Through Borscht he came down and produced a short film called “Chlorophyll,” and was reawakened to the city when he had such a positive experience. Then we started sort of thinking about the script we had from Tarell. I wasn’t the person to make this movie, but [I thought] Barry might be.

We made the introduction very carefully and they got along and that’s how it went.

How does it feel to be the connective tissue for something this big?

It’s crazy. Even just watching the movie premiere during our Miami Mini Film Fest in October — being in the room and watching, I was getting chills. I felt like crying. I couldn’t believe it existed.

We bet big on the last 10 years on this happening — it’s crazy to see it come and go all the way to the highest award a film can get in the industry, in an industry that’s ignored those stories and ignored Miami.

And it’s crazy to see the community support it. At the Oscar party at the African Heritage Cultural Arts Center, people were cheering like the Heat won the title. I’ve never heard of an indie film having a city root for it in that way.

Hopefully this is just the beginning. We’ve been doing the work to groom other filmmakers to be ready for opportunities like this. There is an audience and we’re going to see more Miami stories coming out of the city, but it’s going to be difficult, because there’s no state tax incentive which means anyone doing a movie has to convince financiers to spend 20 percent more than they would to produce a film in Georgia.

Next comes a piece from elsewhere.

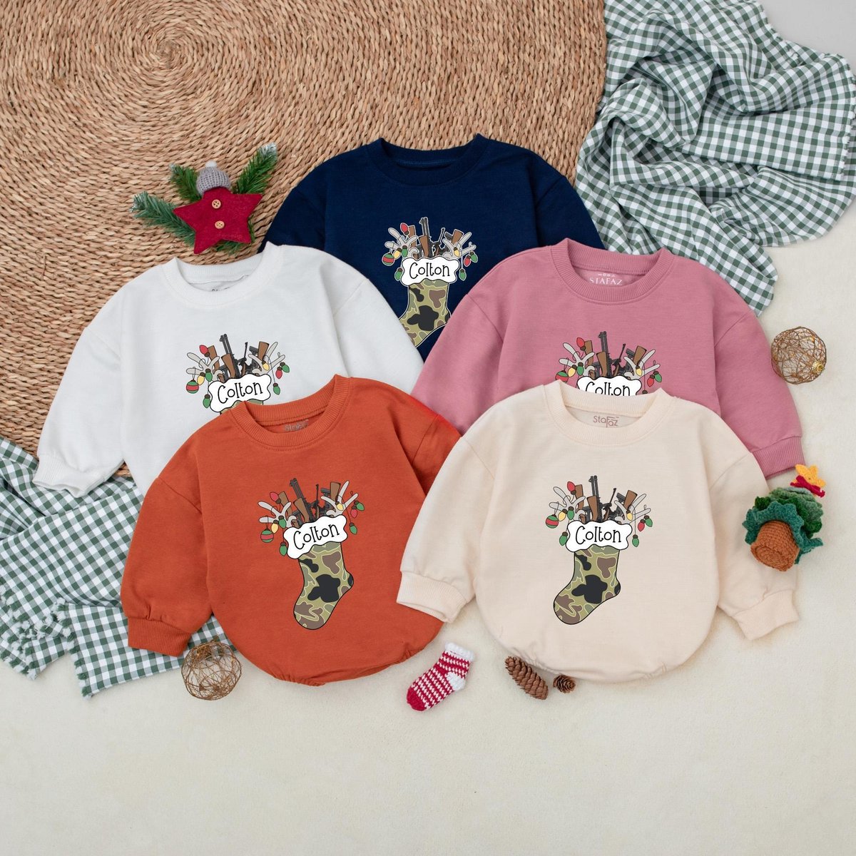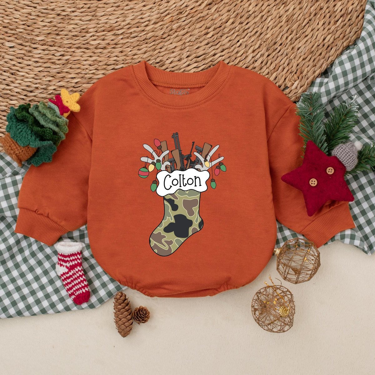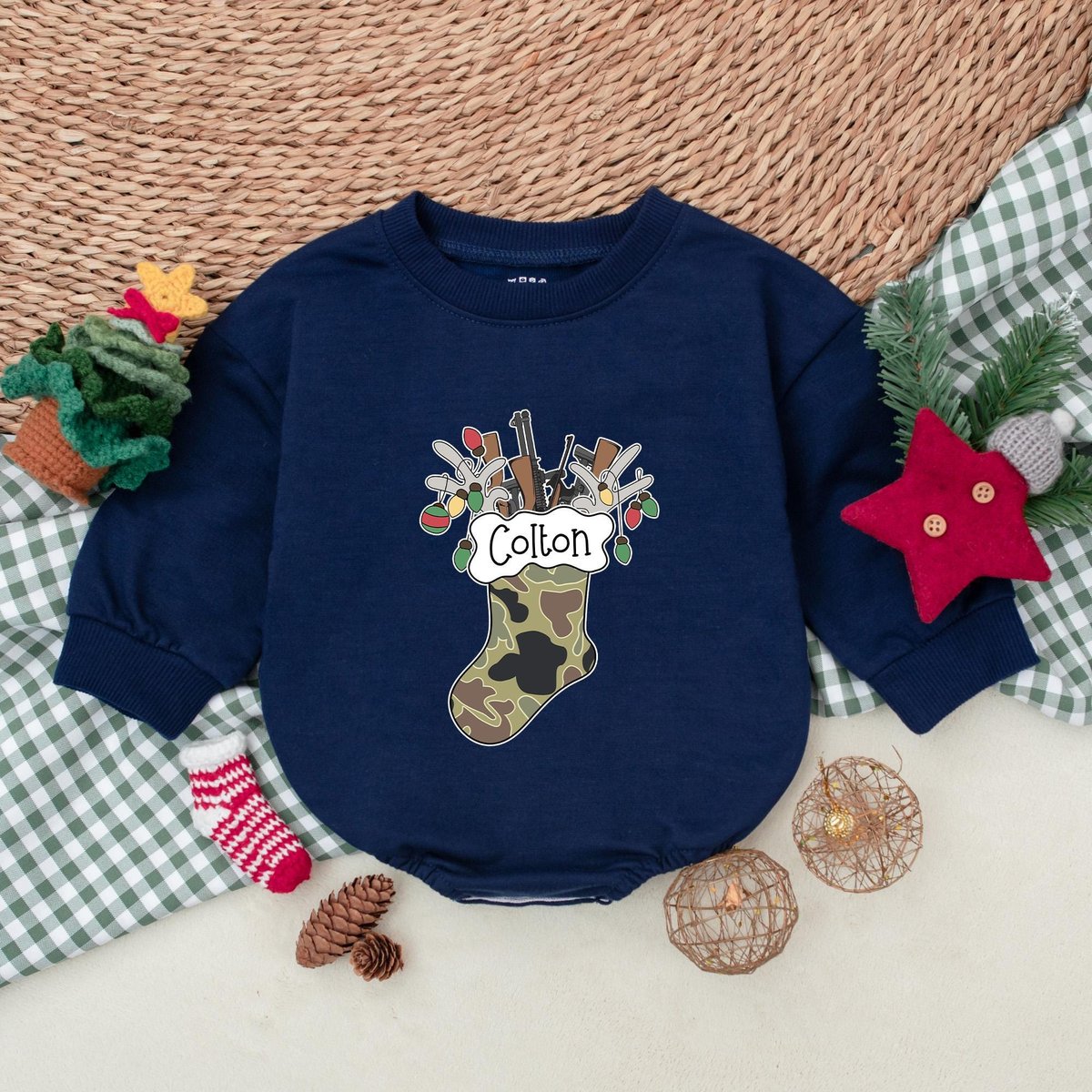 Personalized Camo Christmas Stocking Romper Hunting Christmas Bodysuit Baby Boy Christmas Outfit Win 180

But “Moonlight” was made without state tax incentives.

For every “Moonlight” that does it on their own, there are potentially 10 that can’t.

You guys just wrapped up your 10th film festival. Congrats! But quick question: Why was the theme “Borsht Diez” and the tagline “pray4Borscht” if you guys just had such a mega success? Did Borscht die?

Diez actually comes from ten in Spanish. Again it started off as a dumb joke then we started taking it seriously. It’s also playing on the current zeitgeist that everything is a bit more apocalyptic. For Miami, the impact of sea level rise and that mentality is reflected in a lot of films screened. They’re not literally about flooding but more about Miami and this sense of mortality and fatalism.

What does it mean to be creating things in the face of destruction? That mentality is sort of what we wanted to explore.

Plus, from our perspective we never intended to be around this long. We never ever wanted to be this institution that’s sucking up resources, so we’re always evaluating what is the impact we’re having? Originally our mission was to redefine cinema in Miami and with “Moonlight” and success of short films, the people that come to Miami for this festival, and the new voices coming out of here — we’ve done that.

It’s about what’s next? If we’ve already changed the dialogue and discourse in the city, “diez” sort of ended perfectly. The Oscar win put a nice period on our first cycle of Borscht. Now we’re going to start over, and how it starts over remains to be seen.